Task instructions
Find the line containing "1) числа 16;" in the records below. Copy exactly that line and each one after it, ending at the line containing "I’m in the same", and nothing more.

Data shown
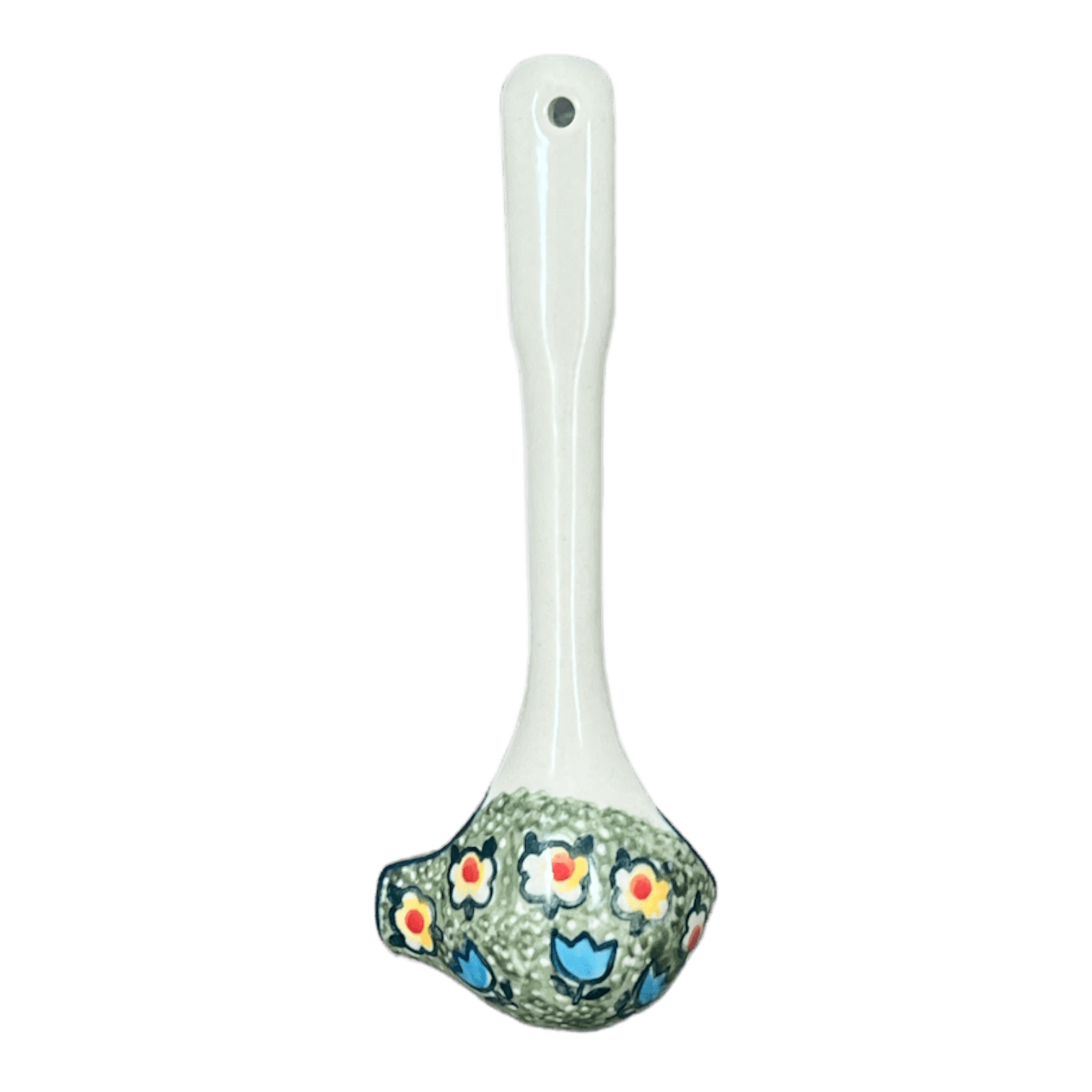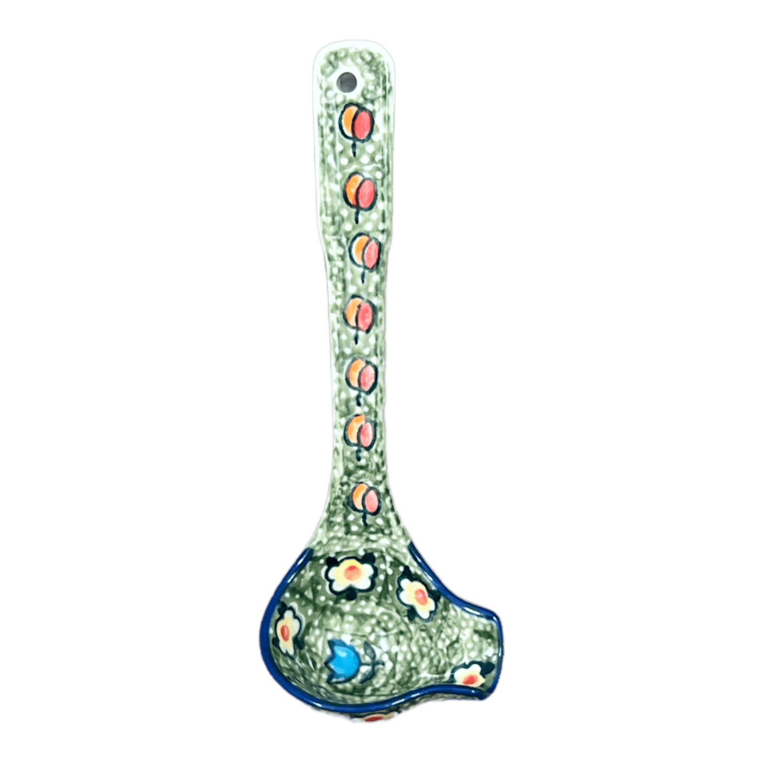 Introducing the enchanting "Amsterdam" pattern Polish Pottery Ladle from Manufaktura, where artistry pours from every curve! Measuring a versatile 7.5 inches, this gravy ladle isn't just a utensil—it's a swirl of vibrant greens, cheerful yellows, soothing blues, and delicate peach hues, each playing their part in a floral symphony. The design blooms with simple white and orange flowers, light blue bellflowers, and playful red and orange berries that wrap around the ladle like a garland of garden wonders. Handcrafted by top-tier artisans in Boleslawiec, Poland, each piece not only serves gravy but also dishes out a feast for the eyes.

---

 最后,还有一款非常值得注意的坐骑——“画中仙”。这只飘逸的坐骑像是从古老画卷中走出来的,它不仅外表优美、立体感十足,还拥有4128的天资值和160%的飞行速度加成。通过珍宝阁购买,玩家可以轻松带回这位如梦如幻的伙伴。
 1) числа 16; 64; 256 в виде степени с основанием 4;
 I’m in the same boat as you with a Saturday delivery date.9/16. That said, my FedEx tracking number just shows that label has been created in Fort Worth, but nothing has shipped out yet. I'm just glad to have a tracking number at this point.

Worked solution
 1) числа 16; 64; 256 в виде степени с основанием 4;
 I’m in the same boat as you with a Saturday delivery date.9/16. That said, my FedEx tracking number just shows that label has been created in Fort Worth, but nothing has shipped out yet. I'm just glad to have a tracking number at this point.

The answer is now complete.